*YOUR ASSIGNMENT*: Extract, in full, the lines below, beginning at the first and ending with the line that contains "Der GFK-Rumpf des". Pictures do not belong in the copy.

*INPUT DATA*:
--------------------

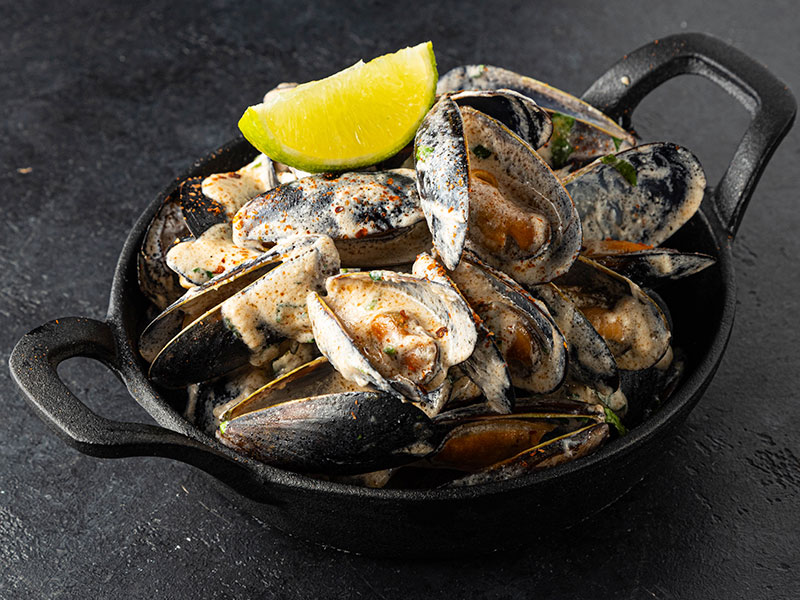 Мидии киви, сливки, соус чкмерули, чеснок, сыр сулугуни, специи
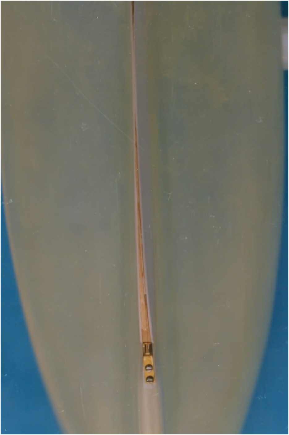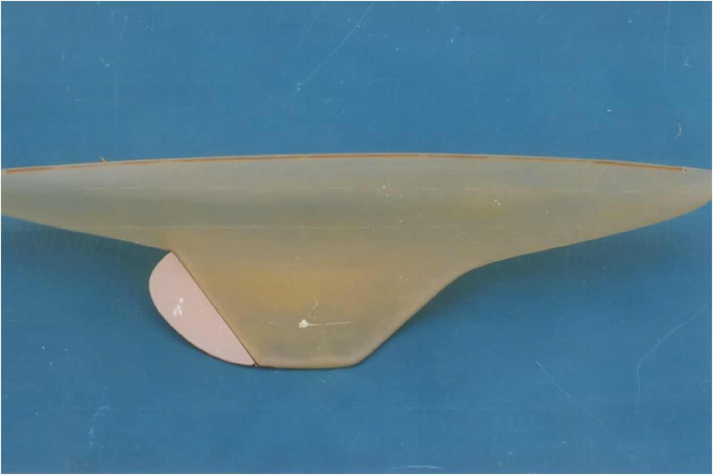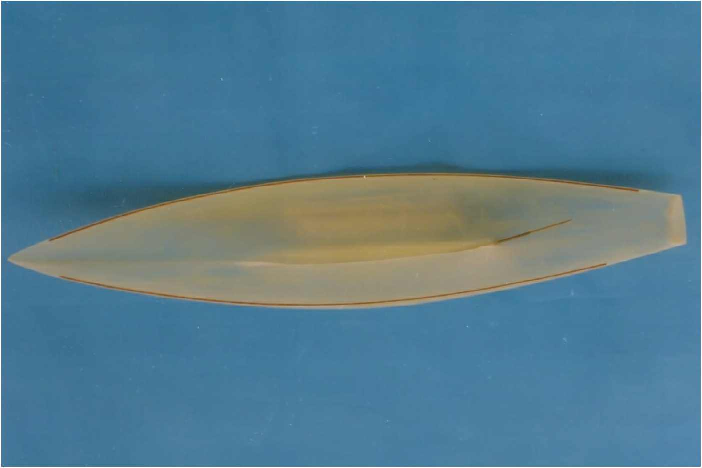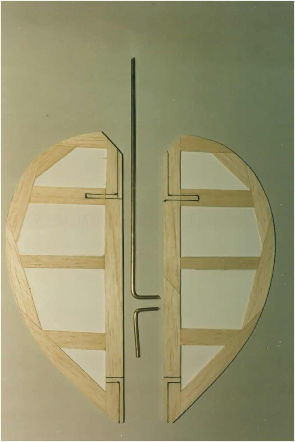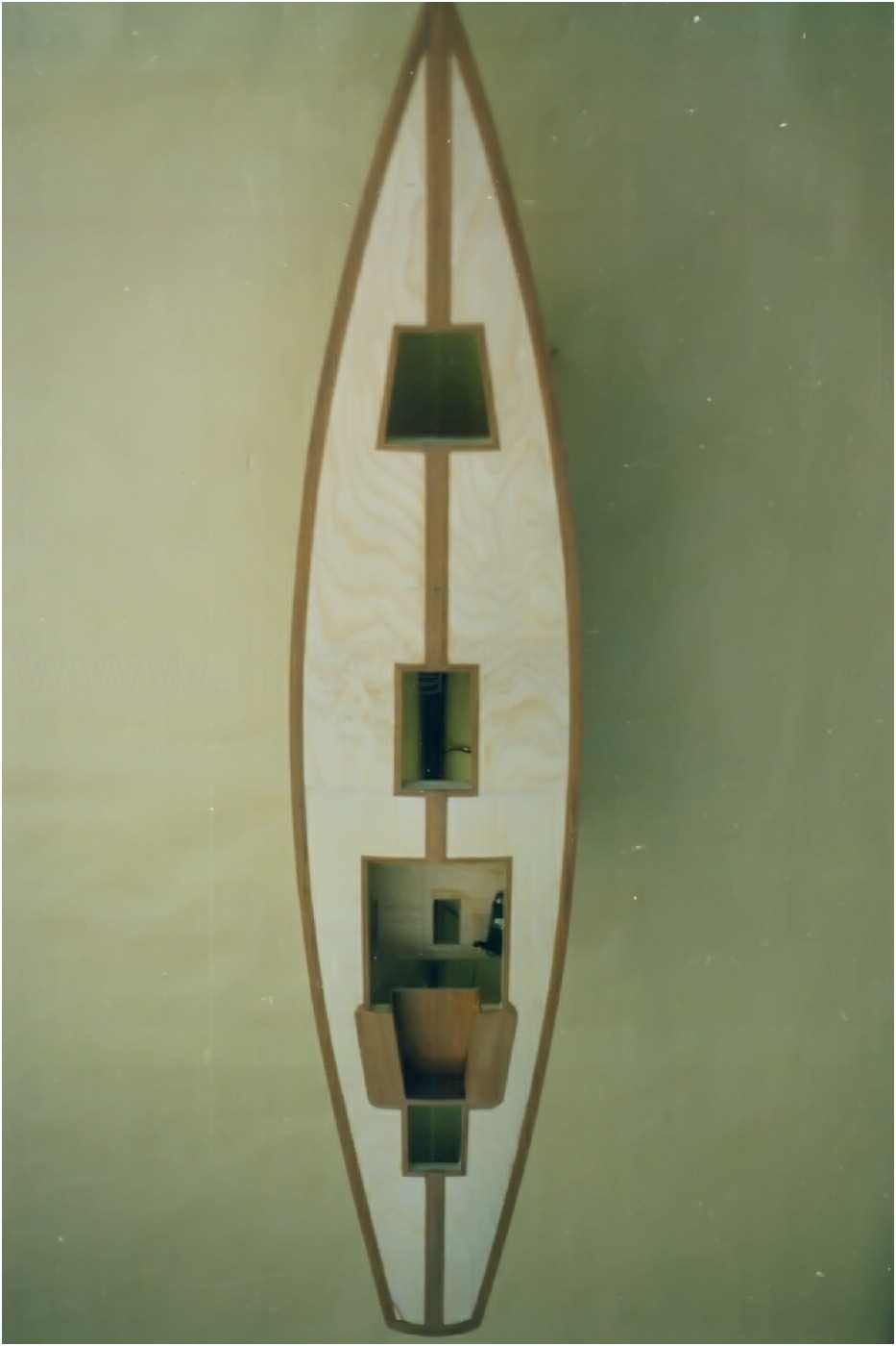 Der GFK-Rumpf des Modells ist bis zur Wasserlinie mit Mahagoni beplankt und wie auch die Aufbauten mit einer hochglänzenden G-4-Lackierung überzogen. Dieser Lack ist zwar teuer (140 DM/Liter), aber dafür sehr strapazierfähig und seewasserfest. Allein die Lackierung des Rumpfes hat sich über mehrere Wochen hingezogen. 10-mal wurde er lackiert und wieder abgeschliffen. Das Deck ist original kalfatert und matt gehalten.
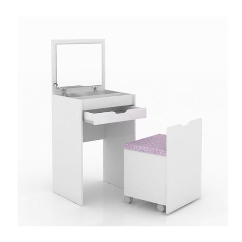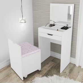 A Penteadeira Compacta PE2007 da Tecnomobili é ideal para você. Penteadeira compacta elegante cabe em qualquer mínimo espaço em casa. Possui puff baú encaixado à sua estrutura, uma gaveta e uma tampa com abertura em 90° com espelho colado ao fundo possibilitando extrema facilidade e organização na hora de se embelezar. É de grande utilidade para armazenagem de produtos de como: maquiagens, perfumes, cremes, pincéis de maquiagem, esmalte, sombra, blush, batom, rímel, joia, brinco, anel, base e demais produtos femininos, pois possui espaço interno com divisórias organizadoras em madeira. Com essa penteadeira você irá para guardar todos seus itens de beleza aliado a muito aproveitamento de espaço.

--------------------

*OUTPUT OF THE TASK*:
 Мидии киви, сливки, соус чкмерули, чеснок, сыр сулугуни, специи
 Der GFK-Rumpf des Modells ist bis zur Wasserlinie mit Mahagoni beplankt und wie auch die Aufbauten mit einer hochglänzenden G-4-Lackierung überzogen. Dieser Lack ist zwar teuer (140 DM/Liter), aber dafür sehr strapazierfähig und seewasserfest. Allein die Lackierung des Rumpfes hat sich über mehrere Wochen hingezogen. 10-mal wurde er lackiert und wieder abgeschliffen. Das Deck ist original kalfatert und matt gehalten.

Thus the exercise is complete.